In our study, tryptase and chymase displayed distinct effects on cellular function but also on expression patterns of mediators of the plasminogen activation system. Since tryptase and chymase might be simultaneously released by certain MC phenotypes, one can speculate on an enhanced dual effect: tryptase induces increased expression of the membrane bound receptor uPAR while chymase cleaves it to its soluble form, suPAR. Previous studies have found increased uPAR expression in the bronchial epithelium of patients with asthma. The study also showed that cells with elevated levels of uPAR showed diminished repair via sequestration of uPA by soluble uPAR [11]. Since the tryptase and chymase expressing MC phenotype, MC_TC, increases in patients with chronic respiratory disease, including in the alveolar parenchyma in patients with asthma [2], it might indicate a detrimental role for MC_TC with regard to uPAR/suPAR expression and release. In depth studies of this pathway in primary cells and in vivo settings is, therefore, needed to fully understand the potential role of MC_TC in this context.

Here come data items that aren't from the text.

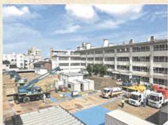
2021年8月、旧芳齋分校の取り壊し開始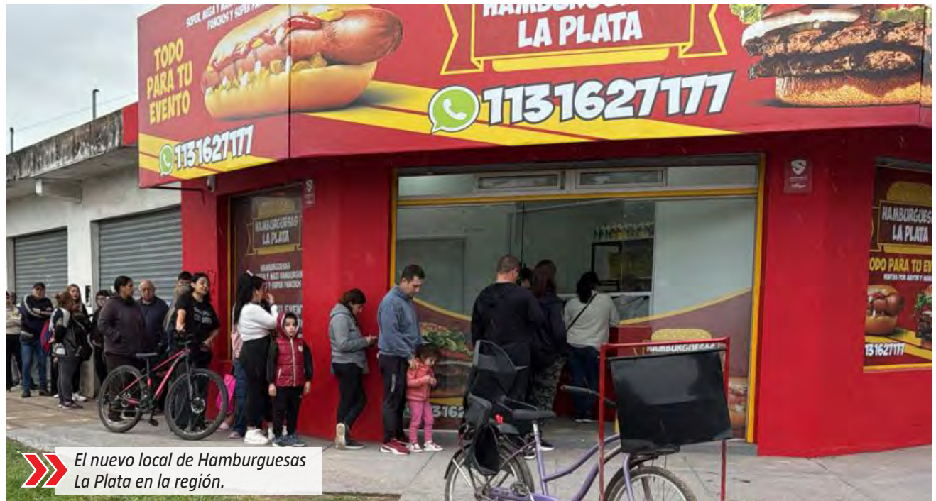
El nuevo local de Hamburguesas La Plata en la región.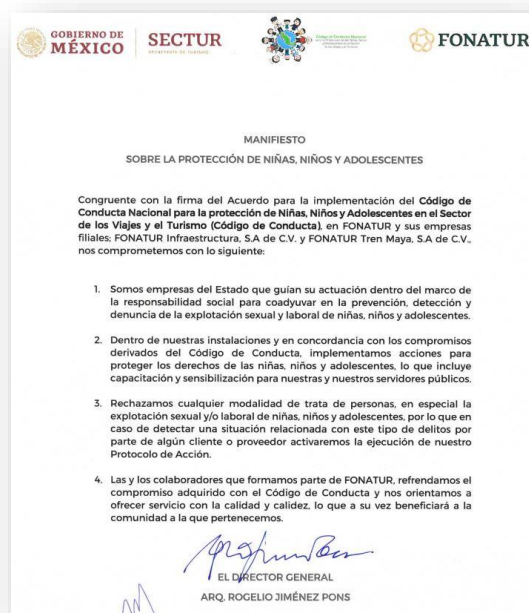
Manifiesto firmado por el Director General del FONATUR sobre la Protección de Niñas, Niños y Adolescentes.

Adicionalmente, el 24 de febrero de 2021, el Fondo y el Instituto Mexicano de la Juventud (IMJUVE) firmaron un convenio marco de colaboración para impulsar y fortalecer el desarrollo social, cultural, económico y cívico de las y los jóvenes en los estados que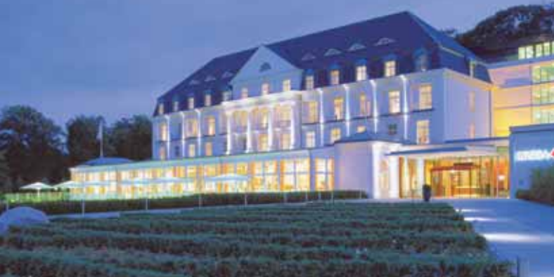
A-ROSA Resorts / Seite 2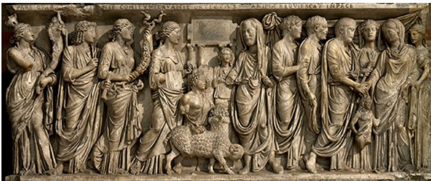
Барельеф с изображением древнеримской свадьбы.

В назначенный день в присутствии родственников, гостей и священнослужителей совершался настоящий спектакль, где каждое действие, каждый шаг выполнялись в соответствии с традицией и имели определенный смысл.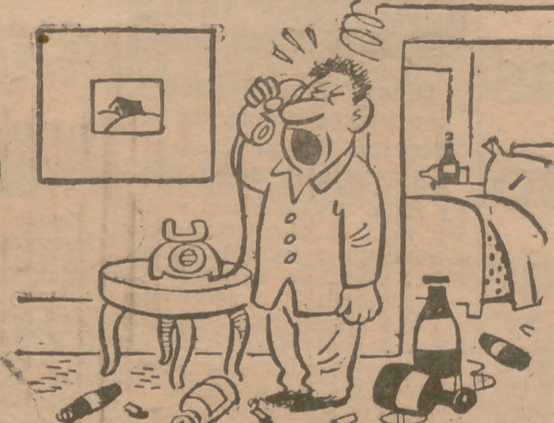
EL SEGUIDOR DE HOCKEY

(Por Conti, de "La Prensa", de Barcelona.)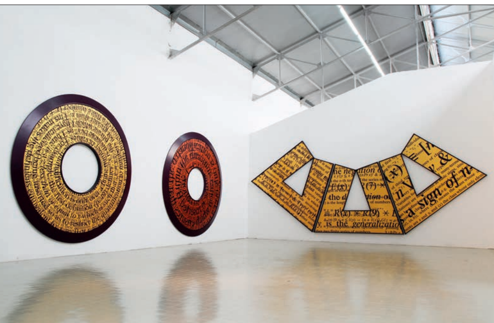
Ci-dessus, trois "Saturations" de Bernar Venet. Ci-contre, "Lamentable", de François Morellet (2006).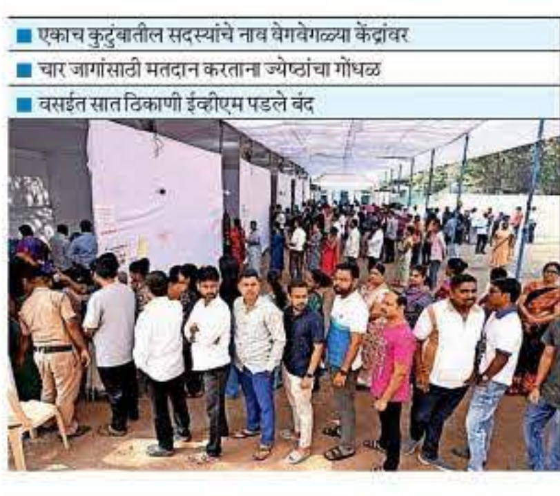
एकाच कुटुंबातील सदस्यांचे नाव वेगवेगळ्या केंद्रांवर / चार जागांसाठी मतदान करताना ज्येष्ठांचा गोधळ / वसईत सात ठिकाणी ईवीएम पडले बंद

टीम मटा, नवी मुंबई / पनवेल / वसई / मिराभाईदर / उल्हासनगर / भिवंदी नवी मुंबई महानगरपालिकेच्या १११ जागांसाठीची मतदान प्रक्रिया, तुरळक घटना वगळता, गुरुवारी शांततेत पार पडली. त्यात ४९९ उमेदवारांचे भवितव्य मतपेटेत बंद झाले आहे. तब्बल दहा वर्षांनी होणाऱ्या या निवडणुकीच्या मतदानासाठी मतदारांमध्ये कमालीचा उत्साह होता. त्यामुळे सर्व मतदान केंद्रांवर मतदारांची गर्दी वाहायला मिळाली. मात्र, मतदारयाद्यांमधील घोळ कायम असल्याने, अनेक मतदारांना आपली नावे शोधण्यासाठी धावाधाव करावी लागली. वनमंत्री गणेश नाईक यांनाही याचा फटका बसला. अनेक मतदारांनी धावाधाव करून मतदान केंद्र शोधून आपला मतदानाचा हक्क बजावला. नवी मुंबईची महापालिका निवडणूक तब्बल दहा वर्षांनी होत

It is important to understand the results in our study from the perspective of MC plasticity, where both cellular origin and in vitro environment most likely have great influence on protease activity and cellular effects. The protease working concentration in our study was set at 0.5µg/mL for both tryptase and chymase. These doses were established since they were non-toxic, while yet displaying an impact on alveolar functional properties. Nevertheless, it should be emphasized that it is difficult to establish a concentration that would be representative for in vivo release considering that MCs contain a high content of bioactive products with a powerful impact on the surrounding environment [28]. The A549 cell line we worked with in the current study has been used earlier to study MC interaction as well as remodelling in an asthma context [29,30]. However, the true and complete nature of the human MC and its proteases in relation to alveolar epithelial cells remains unanswered; hence, future investigations, in clinically relevant settings, are warranted.

5. Conclusions

In conclusion, the current study provides further insight into the impact of MC proteases on alveolar epithelial gap closure capacity, migration, and morphology, where tryptase and chymase induced opposite effects. We could also report a binary impact on the uPAR receptor in the presence of tryptase or chymase, where tryptase upregulated the expression of the membrane bound receptor and chymase increased the release of the soluble receptor. Our in vivo data from asthmatic subjects suggest that infiltration of chymase positive MCs leads to an increase of suPAR that may have clinical implications. Our data suggest a dual regulatory response from the MC proteases in events related to uPA-uPAR expression, ECM degradation and barrier function that may have important roles in the pathogenesis of asthmatic disease.